Merajut Tali Persatuan, Menjaga Nyala Api Perjuangan

Jakarta, KPonline – Saat Presiden Joko Widodo melakukan pidato kenegaraan, tanggal 16 Agustus 2017 yang lalu, berbagai elemen buruh turun ke jalan. Mereka menyuarakan satu tuntutan: Tolak Perppu Ormas.

Berbagai serikat buruh, yang hari itu turun ke jalan antara lain KSPI, GSBI, KPBI, FSPASI, FSUI, dan PPMI. Setidaknya, aksi bersama ini membawa harapan bagi kita untuk melipatgandakan semangat dan energi dalam berjuang.

Tentu saja, ketika kaum buruh turun ke jalan dalam sebuah barisan, mereka tidak bisa dipandang sebelah mata. Keputusan untuk memilih jalan aksi merupakan keputusan yang berani. Ia membawa pesan, bahwa sikap penolakan terhadap kebijakan sudah sampai pada tahap perlawanan.

Ya, melawan.

Sebagaimana kita tahu, ada banyak reaksi ketika seseorang menolak sebuah kebijakan. Ada yang diam, menggerutu di belakang, misuh-misuh, menggunjing, hingga mengorganisir sebuah perlawanan.

Untuk melawan, tentu saja mensyaratkan adanya kekuatan.

Dalam hal ini saya selalu teringat kalimat Puthut EA. “Bagi seorang kesatria, musuh hadir untuk diperangi. Dihadapi. Bukan dijelek-jelekkan, apalagi difitnah. Ibarat main catur, fitnah sudah di luar kotak permainan. Di luar laku dharma. Maka seorang kesatria tidak boleh berbuat nista kepada musuhnya, apalagi karibnya.”
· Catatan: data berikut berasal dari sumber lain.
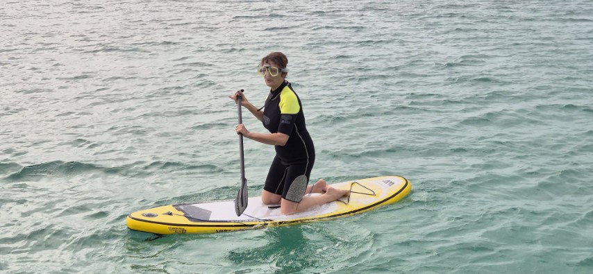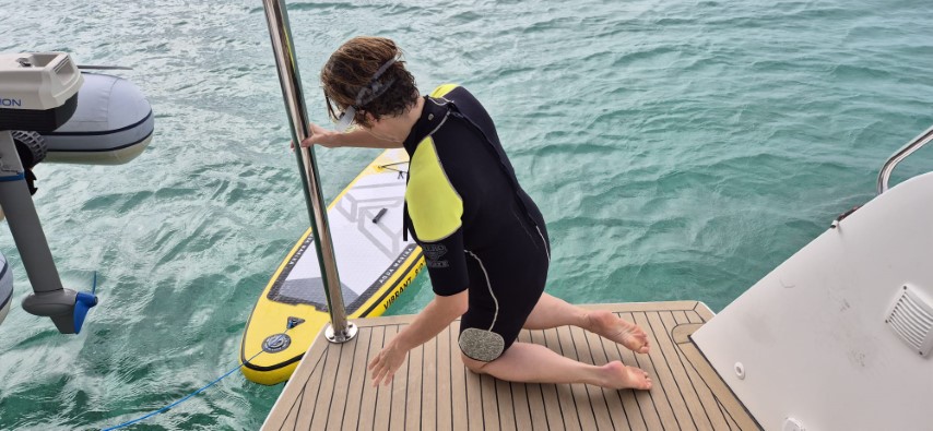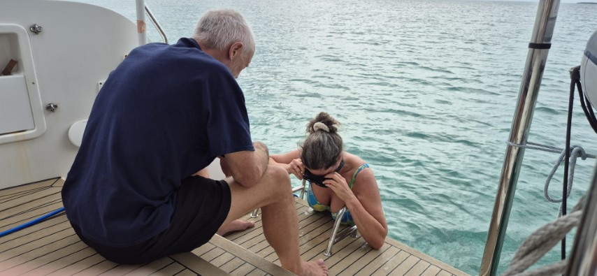 Der erste Versuch mit Schnorchel und Taucherbrille in der ersten Bucht schlug in sofern fehl, dass sie für ihr Gefühl nicht genug Luft durch den Schnorchel bekommt.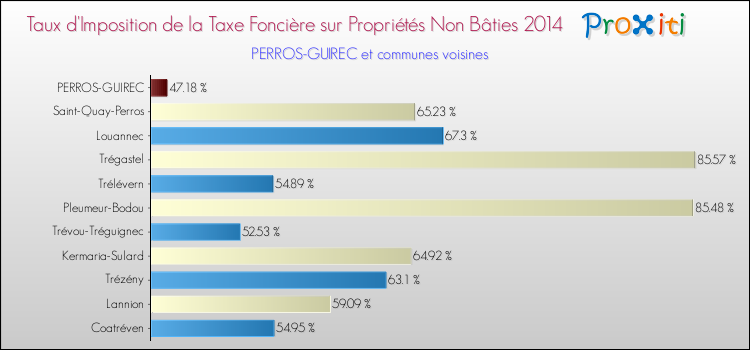 En 2014, le taux de la taxe foncière sur le non bâti vôté par le conseil municipal de Perros-Guirec était de : 47.18 %.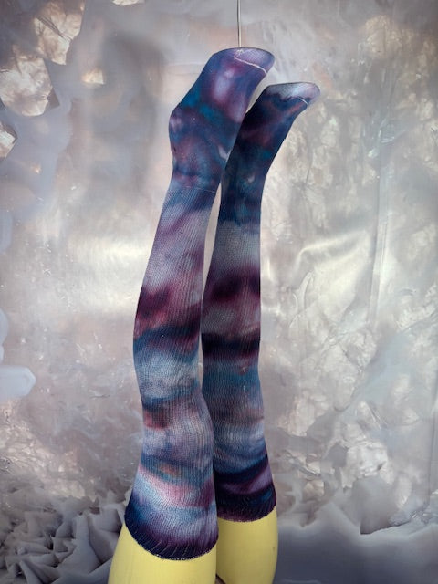 Let's be honest ~ These socks are epic, they keep you warm, you can put them on your arms and become an octopus, there is so much...and yes...they stay up and fit all leg sizes.

Konferensi Pers terkait ‘Aksi Bersama Cabut Perppu Ormas’ sebelum aksi 16 Agustus 2017 di LBH Jakarta. Hadir dari KSPI, KPBI, GSBI, FSUI, dan Politik Rakyat.

Karena itu, ketika ada kebijakan yang dianggap salah, sebagai kesatria kita tidak boleh hanya nggerundel. Nyatakan dengan tegas bahwa kita menolak.
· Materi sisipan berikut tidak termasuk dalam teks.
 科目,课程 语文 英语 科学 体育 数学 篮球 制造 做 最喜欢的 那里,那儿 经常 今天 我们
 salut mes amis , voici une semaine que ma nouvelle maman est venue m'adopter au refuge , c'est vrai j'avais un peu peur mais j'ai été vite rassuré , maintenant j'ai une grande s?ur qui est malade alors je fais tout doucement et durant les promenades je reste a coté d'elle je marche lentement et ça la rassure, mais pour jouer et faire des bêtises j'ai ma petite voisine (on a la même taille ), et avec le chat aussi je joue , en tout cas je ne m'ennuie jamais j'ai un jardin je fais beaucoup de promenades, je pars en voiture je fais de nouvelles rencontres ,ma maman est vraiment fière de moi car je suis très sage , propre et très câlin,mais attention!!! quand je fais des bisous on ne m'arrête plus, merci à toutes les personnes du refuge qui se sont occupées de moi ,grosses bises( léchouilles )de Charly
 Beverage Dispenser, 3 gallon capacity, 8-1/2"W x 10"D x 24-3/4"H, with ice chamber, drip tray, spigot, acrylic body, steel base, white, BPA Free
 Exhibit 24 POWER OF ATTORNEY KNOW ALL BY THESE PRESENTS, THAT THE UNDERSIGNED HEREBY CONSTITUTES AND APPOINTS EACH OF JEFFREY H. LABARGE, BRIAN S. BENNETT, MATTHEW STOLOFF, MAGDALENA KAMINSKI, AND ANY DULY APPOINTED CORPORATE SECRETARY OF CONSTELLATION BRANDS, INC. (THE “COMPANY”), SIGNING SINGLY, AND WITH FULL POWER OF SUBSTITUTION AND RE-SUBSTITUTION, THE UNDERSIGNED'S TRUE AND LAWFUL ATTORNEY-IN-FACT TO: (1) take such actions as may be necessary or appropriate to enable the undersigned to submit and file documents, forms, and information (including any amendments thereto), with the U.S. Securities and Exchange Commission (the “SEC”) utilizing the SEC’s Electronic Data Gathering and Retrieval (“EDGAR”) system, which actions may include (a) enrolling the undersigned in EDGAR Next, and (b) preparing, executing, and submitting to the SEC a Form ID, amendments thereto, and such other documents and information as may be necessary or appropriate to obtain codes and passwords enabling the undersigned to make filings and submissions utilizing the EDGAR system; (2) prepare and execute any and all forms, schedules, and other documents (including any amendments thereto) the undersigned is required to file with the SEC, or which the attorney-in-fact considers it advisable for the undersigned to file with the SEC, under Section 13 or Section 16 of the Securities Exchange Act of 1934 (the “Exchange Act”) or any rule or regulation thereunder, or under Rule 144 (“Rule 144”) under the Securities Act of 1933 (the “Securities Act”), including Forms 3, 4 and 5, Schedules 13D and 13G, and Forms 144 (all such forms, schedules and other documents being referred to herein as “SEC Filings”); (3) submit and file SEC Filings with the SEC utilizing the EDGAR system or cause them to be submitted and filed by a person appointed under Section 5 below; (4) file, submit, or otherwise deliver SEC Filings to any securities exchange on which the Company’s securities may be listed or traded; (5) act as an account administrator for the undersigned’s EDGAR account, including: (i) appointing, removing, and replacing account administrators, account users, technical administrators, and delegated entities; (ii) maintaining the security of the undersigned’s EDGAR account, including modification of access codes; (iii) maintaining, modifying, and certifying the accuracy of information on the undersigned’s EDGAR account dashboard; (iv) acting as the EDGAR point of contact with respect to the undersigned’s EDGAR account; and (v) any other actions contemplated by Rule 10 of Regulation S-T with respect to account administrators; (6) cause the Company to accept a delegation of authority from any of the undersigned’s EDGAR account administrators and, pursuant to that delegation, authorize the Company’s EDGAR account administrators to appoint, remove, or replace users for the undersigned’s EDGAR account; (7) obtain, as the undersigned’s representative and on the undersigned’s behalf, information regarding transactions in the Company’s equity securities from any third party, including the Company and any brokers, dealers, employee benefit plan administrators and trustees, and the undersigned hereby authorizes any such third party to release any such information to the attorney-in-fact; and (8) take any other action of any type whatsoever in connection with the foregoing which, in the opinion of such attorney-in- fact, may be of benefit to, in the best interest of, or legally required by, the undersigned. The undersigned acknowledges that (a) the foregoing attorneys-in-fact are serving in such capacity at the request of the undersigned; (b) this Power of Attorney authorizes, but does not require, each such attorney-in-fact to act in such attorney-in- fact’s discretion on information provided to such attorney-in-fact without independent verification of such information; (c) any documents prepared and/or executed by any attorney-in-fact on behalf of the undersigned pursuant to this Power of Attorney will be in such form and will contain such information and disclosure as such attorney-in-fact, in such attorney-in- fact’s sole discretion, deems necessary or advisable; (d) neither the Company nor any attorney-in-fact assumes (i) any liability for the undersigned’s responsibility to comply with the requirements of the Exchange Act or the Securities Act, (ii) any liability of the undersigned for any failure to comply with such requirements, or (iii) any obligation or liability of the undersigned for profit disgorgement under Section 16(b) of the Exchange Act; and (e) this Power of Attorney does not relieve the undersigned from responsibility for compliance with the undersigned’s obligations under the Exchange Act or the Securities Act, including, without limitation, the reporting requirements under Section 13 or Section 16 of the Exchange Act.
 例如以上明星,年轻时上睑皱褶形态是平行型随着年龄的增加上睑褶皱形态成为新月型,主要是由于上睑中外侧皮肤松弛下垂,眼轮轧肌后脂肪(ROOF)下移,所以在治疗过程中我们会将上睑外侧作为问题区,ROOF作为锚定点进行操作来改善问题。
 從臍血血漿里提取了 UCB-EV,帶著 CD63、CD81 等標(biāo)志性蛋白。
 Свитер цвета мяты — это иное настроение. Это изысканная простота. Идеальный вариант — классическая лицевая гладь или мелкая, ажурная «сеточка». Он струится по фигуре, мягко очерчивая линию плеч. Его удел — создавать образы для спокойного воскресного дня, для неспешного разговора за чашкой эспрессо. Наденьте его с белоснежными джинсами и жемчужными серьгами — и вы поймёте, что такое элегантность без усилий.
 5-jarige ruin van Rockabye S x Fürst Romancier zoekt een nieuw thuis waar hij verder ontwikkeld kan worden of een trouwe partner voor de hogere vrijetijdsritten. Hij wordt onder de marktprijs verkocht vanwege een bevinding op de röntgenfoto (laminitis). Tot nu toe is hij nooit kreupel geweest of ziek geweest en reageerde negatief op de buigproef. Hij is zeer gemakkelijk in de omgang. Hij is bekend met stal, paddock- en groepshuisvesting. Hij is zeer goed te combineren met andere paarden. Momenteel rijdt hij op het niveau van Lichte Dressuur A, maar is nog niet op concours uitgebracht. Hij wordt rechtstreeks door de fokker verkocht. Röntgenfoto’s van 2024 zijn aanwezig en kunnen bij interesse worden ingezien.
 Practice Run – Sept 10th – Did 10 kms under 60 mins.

Maka jalan inilah yang sedang ditempuh oleh kaum buruh. Tentu saja, perlawanan disini adalah bahasa gerakan. Kita melawan secara konstitusional, sesuai dengan prinsip-prinsip demokrasi. Dan tidak saja melalui non litigas seperti aksi-aksi di jalanan. Secara litigasi, juga ada tim yang secara khusus bekerja untuk melawan di pengadilan.
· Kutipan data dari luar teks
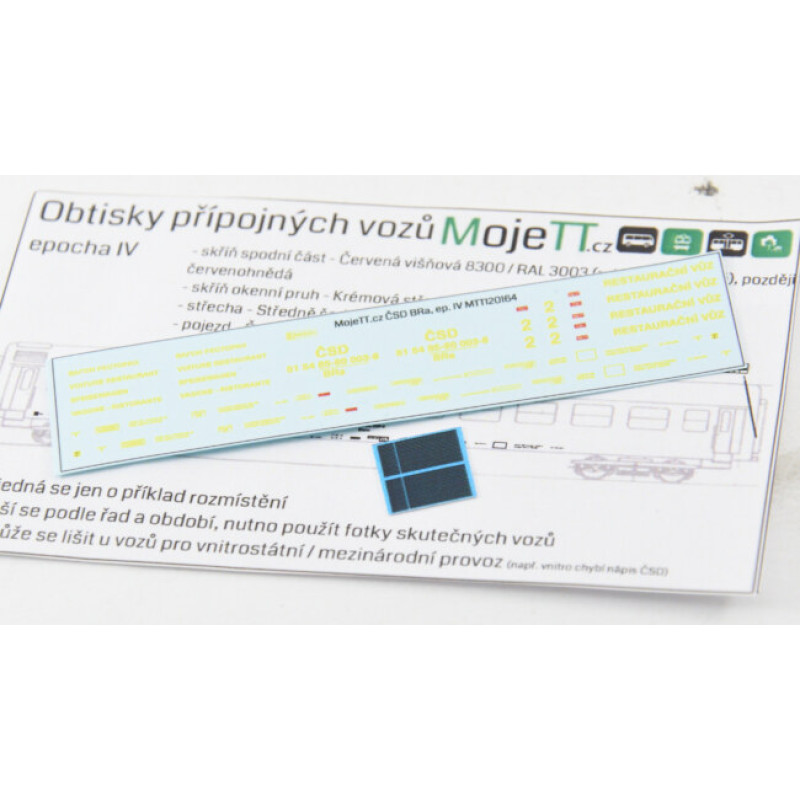 Obtisk osobního vozu s jídelním oddílem BRa. V roce 1969 byly ve Studénce vyrobené 4 vozy pro běžné vlaky vedené lokomotivou. Vozy jsou kromě brzdové výstroje a způsobu vytápění shodné s vozy BRam (pro motorové rychlíky). Vozy BRa byly dodány se zelenou skříní, střecha šedá střední. V provozu pouze během 70. let na mezinárodních i vnitrostátních rychlících. Na konci 70. let všechny vozy přešly např. jako obytné pod TSS a EŽ. Sada obsahuje obtisk 2 ks mřížky na střechu vozu.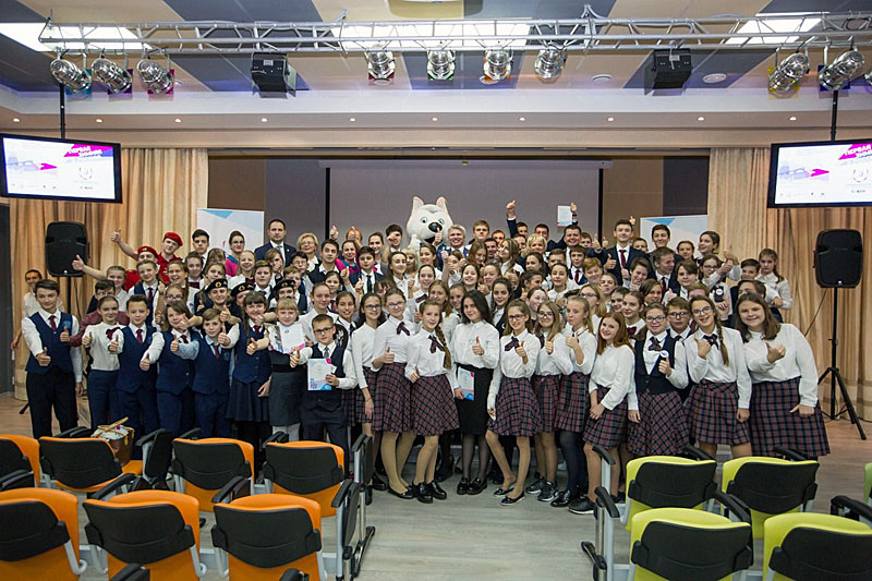During the lesson, over 200 students were able to get acquainted with the sports programme of the Games, as well as learn about the legends of Russian sports and the Winter Universiade 2019 Ambassadors. Pavel Kolobkov talked with students about the benefits of a healthy lifestyle, wished the children sports victories and success in their studies.

Jika kemudian ada yang mengatakan, sebuah aksi demonstrasi hanya membuang-buang energi, maka orang yang mengatakan itu bisa jadi tuna sejarah. Demonstrasi menjadi satu cara yang sah digunakan dalam konteks demokrasi untuk menyampaikan aspirasi. Mendegradasi makna demonstrasi, sama saja memberi peluang kepada rezim untuk menjadi tiran. Demonstrasi lah yang membawa Indonesia keluar dari belenggu orde baru.

Demonstrasi membawa pesan politis. Ia berguna untuk melipatgandakan pesan. Kita tahu, dengan unjuk rasa, gaungnya akan kemana-mana. Inilah yang tidak disukai oleh rezim yang selalu mencitrakan kekuasaannya bersih tanpa cela.

Bahwa Perppu Ormas tidak dicabut ketika buruh melakukan demonstrasi, faktanya memang begitu. Tetapi bukan berarti aksi itu sendiri buang-buang energi. Sebaliknya, ia membuat kita semakin kuat dan bersemangat.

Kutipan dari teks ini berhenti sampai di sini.